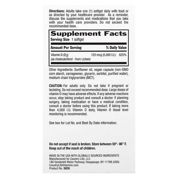 Thông tin sản phẩm Country Life, Certified Vegan D3, 125 mcg (5.000 IU), 30 viên mềm
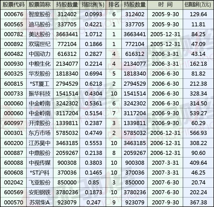 在整个牛市期间,马信琪延续了其短平快的风格,快进快出,换股频繁,截至2007年10月,其共持有过19只股票,除中金岭南外,其他股票持有时间均不超过1个季度。马信琪持股情况(占公司前十大流通股情况,排名为流通股股东排名,下同)如下表所示:
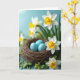 Designed with a soft spring still-life, the front shows a rustic bird’s nest made of thin brown twigs, gently cupping three smooth eggs in a calm robin-egg blue. Around the nest, clusters of white flowers with golden-yellow centers lean in close, like friends gathering shoulder to shoulder 🌷. Some blooms and leaves appear crisp and detailed, while others fade into a gentle blur, giving the scene a quiet, intimate closeness. The background is a pastel blue wash that looks like early morning light, keeping the mood light and airy. Green foliage threads through the arrangement in both sharp and softened patches, adding natural movement without crowding the nest. The greeting text sits near the top in a small, simple font, colored a warm golden yellow that echoes the flower centers 🐇. In the foreground, a few petals curve outward beside the twig weave, with the nearest flower’s yellow center shown in clear detail.
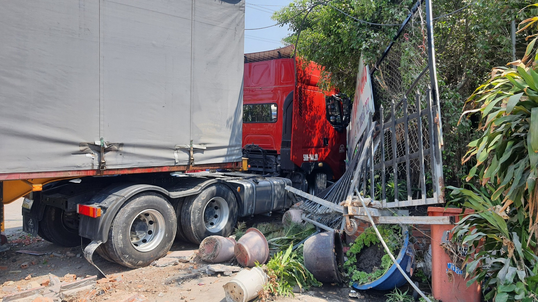 Xe này lấn sang phần đường ngược lại tông và cuốn xe máy do một người đàn ông cầm lái vào gầm. Xe container chỉ dừng lại khi tông ngã hàng loạt cây xanh và cổng rào bằng lưới thép của cửa hàng nông sản
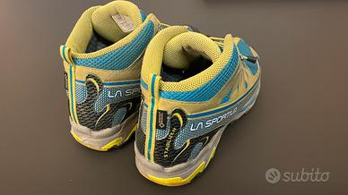 Scarpe da trekking “junior” taglia 40 giallo verdi, usate poco quindi con segni tipici di usura normale, ben tenute, mai lavate ma pulite per via di un utilizzo sporadico e solo su strade poco accidentate. Bellissime, adatte a chi tende a scegliere il top ad un prezzo di autentico affare.
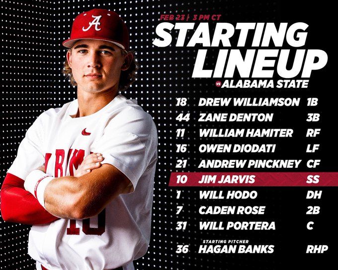 Will Hodo will be the designated hitter for the Crimson Tide and Will Portera will be behind the dish this afternoon.
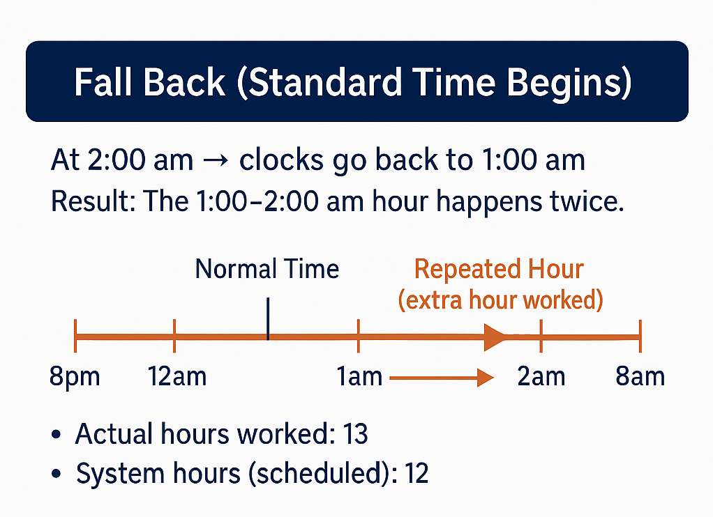 What happens: At 2:00 am, clocks move back to 1:00 am. The hour between 1:00–2:00 am repeats, so shifts include one extra hour.
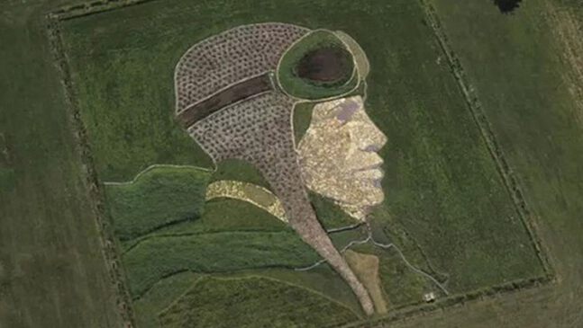 他的第一幅地景创作完成于1981年,在约65万平方米的麦田上,“画”的是抵抗欧洲入侵者的,基奥瓦人领袖Satanta的肖像。

· · · ·

The listing above must be printed again exactly, minus its pictures.

Result for this task.
 Thông tin sản phẩm Country Life, Certified Vegan D3, 125 mcg (5.000 IU), 30 viên mềm
 在整个牛市期间,马信琪延续了其短平快的风格,快进快出,换股频繁,截至2007年10月,其共持有过19只股票,除中金岭南外,其他股票持有时间均不超过1个季度。马信琪持股情况(占公司前十大流通股情况,排名为流通股股东排名,下同)如下表所示:
 Designed with a soft spring still-life, the front shows a rustic bird’s nest made of thin brown twigs, gently cupping three smooth eggs in a calm robin-egg blue. Around the nest, clusters of white flowers with golden-yellow centers lean in close, like friends gathering shoulder to shoulder 🌷. Some blooms and leaves appear crisp and detailed, while others fade into a gentle blur, giving the scene a quiet, intimate closeness. The background is a pastel blue wash that looks like early morning light, keeping the mood light and airy. Green foliage threads through the arrangement in both sharp and softened patches, adding natural movement without crowding the nest. The greeting text sits near the top in a small, simple font, colored a warm golden yellow that echoes the flower centers 🐇. In the foreground, a few petals curve outward beside the twig weave, with the nearest flower’s yellow center shown in clear detail.
 Xe này lấn sang phần đường ngược lại tông và cuốn xe máy do một người đàn ông cầm lái vào gầm. Xe container chỉ dừng lại khi tông ngã hàng loạt cây xanh và cổng rào bằng lưới thép của cửa hàng nông sản
 Scarpe da trekking “junior” taglia 40 giallo verdi, usate poco quindi con segni tipici di usura normale, ben tenute, mai lavate ma pulite per via di un utilizzo sporadico e solo su strade poco accidentate. Bellissime, adatte a chi tende a scegliere il top ad un prezzo di autentico affare.
 Will Hodo will be the designated hitter for the Crimson Tide and Will Portera will be behind the dish this afternoon.
 What happens: At 2:00 am, clocks move back to 1:00 am. The hour between 1:00–2:00 am repeats, so shifts include one extra hour.
 他的第一幅地景创作完成于1981年,在约65万平方米的麦田上,“画”的是抵抗欧洲入侵者的,基奥瓦人领袖Satanta的肖像。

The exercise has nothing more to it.